Jon Bautista Orgilles (born 3 July 1995) is a Spanish professional footballer who plays as a striker for SD Eibar.

Club career

Real Sociedad
Bautista was born in Mahón, Menorca, Balearic Islands, but moved to Errenteria, Gipuzkoa, Basque Country at a young age. He was a Real Sociedad youth graduate after starting out at Touring KE, and was promoted to the former's reserve team in Segunda División B on 23 June 2014 having made several appearances in that season's UEFA Youth League.

Bautista made his senior debut on 23 August 2014, coming on as a late substitute for Eneko Capilla in a 3–3 home draw against UB Conquense in the Segunda División B. He scored his first senior goal on 27 September, netting the first in a 4–0 home rout of CD Guadalajara.

On 25 February 2016, Bautista renewed his contract until 2020. He appeared in his first competitive match – and in La Liga – on 24 April, replacing fellow youth graduate Mikel Oyarzabal in the dying minutes of a 0–0 away draw against Villarreal CF.

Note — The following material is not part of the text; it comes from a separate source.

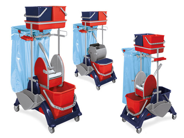 Višenamenska profesionalna kolica za čišćenje zatvorenog tipa, modularna i prilagodljiva, ergonomična, kompaktna i stabilna pri punom opterećenju.
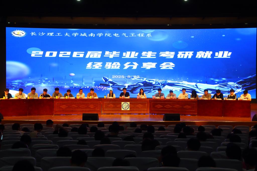 5月22日晚,城南学院电气工程系在五教大礼堂举办2026届毕业生就业实习动员大会暨经验分享交流会,电气系学工办主任、24级辅导员王志鹏、23级辅导员刘心汝、22级辅导员向陈与21级16名优秀毕业生代表参加。本次大会聚焦考研、就业、国网备战、公职考试四大方向,通过经验分享与互动答疑相结合的方式,助力学子明晰发展方向。

Bautista scored his first professional goal on 8 May 2016, the winner in a 2–1 home win over Rayo Vallecano. Ahead of the 2017–18 season, he was definitively promoted to the main squad.

On 11 July 2019, after being used mainly as a backup to Willian José, Bautista was loaned to Belgian club K.A.S. Eupen for one year. On 3 April 2021, he did not leave the bench for Real in the delayed 2020 Copa del Rey Final against Athletic Bilbao, which ended in a 1–0 victory.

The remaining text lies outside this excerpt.